=== Section Start ===
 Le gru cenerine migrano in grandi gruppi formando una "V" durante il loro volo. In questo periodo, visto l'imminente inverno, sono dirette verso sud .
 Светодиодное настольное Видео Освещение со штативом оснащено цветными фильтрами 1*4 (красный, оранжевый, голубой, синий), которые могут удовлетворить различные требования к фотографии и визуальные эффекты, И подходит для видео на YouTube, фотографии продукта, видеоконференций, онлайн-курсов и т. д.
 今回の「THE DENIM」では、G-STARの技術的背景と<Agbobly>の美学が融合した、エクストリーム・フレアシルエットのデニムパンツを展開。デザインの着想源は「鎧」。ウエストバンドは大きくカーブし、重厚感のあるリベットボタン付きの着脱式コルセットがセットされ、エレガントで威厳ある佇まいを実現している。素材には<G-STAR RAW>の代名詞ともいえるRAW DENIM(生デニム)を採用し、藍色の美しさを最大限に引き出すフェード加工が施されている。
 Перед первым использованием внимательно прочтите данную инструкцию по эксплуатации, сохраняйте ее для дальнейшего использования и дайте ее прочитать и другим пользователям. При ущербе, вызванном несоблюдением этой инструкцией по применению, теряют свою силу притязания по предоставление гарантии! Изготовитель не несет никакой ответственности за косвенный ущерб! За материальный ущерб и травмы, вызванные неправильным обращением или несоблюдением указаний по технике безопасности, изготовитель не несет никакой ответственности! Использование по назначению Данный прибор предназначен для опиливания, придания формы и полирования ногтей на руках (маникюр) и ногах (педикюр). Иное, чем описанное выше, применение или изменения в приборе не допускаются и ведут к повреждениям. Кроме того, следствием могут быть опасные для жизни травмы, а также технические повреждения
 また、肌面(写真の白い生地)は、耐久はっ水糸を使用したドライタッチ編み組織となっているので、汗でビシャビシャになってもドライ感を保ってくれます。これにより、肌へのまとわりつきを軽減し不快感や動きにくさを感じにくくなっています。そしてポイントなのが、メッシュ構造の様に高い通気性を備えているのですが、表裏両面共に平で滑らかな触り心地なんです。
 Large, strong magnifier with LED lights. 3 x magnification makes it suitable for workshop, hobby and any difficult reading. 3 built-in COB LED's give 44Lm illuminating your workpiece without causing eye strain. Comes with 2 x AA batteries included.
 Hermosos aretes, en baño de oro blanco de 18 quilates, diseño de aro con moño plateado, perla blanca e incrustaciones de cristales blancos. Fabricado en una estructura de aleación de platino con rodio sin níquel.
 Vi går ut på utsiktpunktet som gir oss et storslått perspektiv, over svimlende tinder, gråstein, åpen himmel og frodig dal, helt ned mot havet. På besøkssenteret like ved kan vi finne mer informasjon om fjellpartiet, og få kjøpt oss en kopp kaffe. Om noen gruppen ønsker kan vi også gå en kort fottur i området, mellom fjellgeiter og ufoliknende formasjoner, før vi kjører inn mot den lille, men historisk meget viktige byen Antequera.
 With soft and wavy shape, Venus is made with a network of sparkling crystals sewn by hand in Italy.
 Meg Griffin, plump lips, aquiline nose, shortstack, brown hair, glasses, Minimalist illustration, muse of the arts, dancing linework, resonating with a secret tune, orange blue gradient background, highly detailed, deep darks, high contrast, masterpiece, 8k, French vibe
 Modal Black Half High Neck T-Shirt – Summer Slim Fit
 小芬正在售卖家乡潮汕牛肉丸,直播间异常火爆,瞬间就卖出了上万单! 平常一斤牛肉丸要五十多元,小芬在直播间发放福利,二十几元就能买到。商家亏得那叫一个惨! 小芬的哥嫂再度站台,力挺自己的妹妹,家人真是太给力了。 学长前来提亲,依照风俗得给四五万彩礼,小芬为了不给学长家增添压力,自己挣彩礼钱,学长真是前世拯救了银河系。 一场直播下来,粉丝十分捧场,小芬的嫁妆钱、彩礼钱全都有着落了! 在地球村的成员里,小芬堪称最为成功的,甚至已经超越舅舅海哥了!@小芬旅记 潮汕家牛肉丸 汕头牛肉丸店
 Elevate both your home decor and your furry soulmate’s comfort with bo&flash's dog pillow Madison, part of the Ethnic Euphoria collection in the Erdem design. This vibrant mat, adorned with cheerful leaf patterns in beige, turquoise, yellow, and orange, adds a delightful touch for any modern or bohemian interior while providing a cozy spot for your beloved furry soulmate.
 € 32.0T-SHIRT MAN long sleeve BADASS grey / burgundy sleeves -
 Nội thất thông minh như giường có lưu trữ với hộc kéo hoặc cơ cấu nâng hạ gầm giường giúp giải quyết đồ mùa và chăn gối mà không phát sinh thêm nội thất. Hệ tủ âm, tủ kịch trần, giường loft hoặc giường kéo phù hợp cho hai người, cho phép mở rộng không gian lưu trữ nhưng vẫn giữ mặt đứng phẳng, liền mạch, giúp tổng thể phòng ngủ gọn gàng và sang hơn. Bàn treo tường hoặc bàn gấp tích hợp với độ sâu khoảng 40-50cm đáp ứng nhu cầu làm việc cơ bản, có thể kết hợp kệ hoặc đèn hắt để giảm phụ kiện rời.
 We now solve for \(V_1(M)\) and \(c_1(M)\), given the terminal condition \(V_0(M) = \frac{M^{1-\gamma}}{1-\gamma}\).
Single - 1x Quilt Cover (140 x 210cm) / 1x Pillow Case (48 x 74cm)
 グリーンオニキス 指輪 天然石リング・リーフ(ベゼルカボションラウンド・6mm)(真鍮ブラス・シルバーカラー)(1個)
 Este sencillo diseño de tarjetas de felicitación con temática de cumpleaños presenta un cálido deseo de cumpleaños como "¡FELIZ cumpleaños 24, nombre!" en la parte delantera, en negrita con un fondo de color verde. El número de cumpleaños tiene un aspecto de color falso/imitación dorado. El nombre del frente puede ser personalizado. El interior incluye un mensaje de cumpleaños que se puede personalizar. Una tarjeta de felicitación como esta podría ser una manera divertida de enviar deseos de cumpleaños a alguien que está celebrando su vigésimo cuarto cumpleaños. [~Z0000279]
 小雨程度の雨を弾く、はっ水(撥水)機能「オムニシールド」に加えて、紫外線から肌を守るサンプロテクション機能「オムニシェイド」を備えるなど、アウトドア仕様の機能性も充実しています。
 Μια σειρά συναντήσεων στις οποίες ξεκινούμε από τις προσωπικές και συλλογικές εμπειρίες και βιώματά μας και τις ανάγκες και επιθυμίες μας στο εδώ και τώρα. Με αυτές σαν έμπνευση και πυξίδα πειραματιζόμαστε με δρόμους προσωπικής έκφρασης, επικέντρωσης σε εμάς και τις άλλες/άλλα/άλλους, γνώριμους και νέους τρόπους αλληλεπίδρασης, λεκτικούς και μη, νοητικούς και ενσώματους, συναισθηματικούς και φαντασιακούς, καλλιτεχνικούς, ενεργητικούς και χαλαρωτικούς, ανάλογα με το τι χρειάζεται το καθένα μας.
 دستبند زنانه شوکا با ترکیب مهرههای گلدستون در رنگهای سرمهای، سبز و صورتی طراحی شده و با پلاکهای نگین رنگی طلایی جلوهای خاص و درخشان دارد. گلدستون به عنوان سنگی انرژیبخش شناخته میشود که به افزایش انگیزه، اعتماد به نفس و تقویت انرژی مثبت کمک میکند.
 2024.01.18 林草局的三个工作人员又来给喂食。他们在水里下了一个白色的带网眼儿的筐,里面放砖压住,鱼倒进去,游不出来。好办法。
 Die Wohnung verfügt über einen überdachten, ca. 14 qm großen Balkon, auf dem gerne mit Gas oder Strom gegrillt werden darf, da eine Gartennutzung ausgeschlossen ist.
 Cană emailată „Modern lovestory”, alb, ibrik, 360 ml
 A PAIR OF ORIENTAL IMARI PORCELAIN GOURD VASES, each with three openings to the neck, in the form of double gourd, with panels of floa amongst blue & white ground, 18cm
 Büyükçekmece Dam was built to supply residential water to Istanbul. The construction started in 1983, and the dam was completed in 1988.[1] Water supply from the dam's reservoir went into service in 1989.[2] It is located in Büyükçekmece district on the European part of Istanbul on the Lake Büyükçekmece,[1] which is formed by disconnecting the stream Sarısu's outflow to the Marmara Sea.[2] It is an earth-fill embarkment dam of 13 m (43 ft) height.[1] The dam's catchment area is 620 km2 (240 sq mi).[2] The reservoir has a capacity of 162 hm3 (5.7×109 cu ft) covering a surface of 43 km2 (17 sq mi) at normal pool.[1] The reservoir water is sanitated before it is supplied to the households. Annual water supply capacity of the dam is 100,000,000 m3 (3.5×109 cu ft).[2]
=== Section End ===
• _Problem to solve_: What do the lines above say from the one containing "Die Wohnung verfügt" down to the one containing "Cană emailată „Modern"? Return them exactly, both end lines included, and only them.

• _Result below_:
 Die Wohnung verfügt über einen überdachten, ca. 14 qm großen Balkon, auf dem gerne mit Gas oder Strom gegrillt werden darf, da eine Gartennutzung ausgeschlossen ist.
 Cană emailată „Modern lovestory”, alb, ibrik, 360 ml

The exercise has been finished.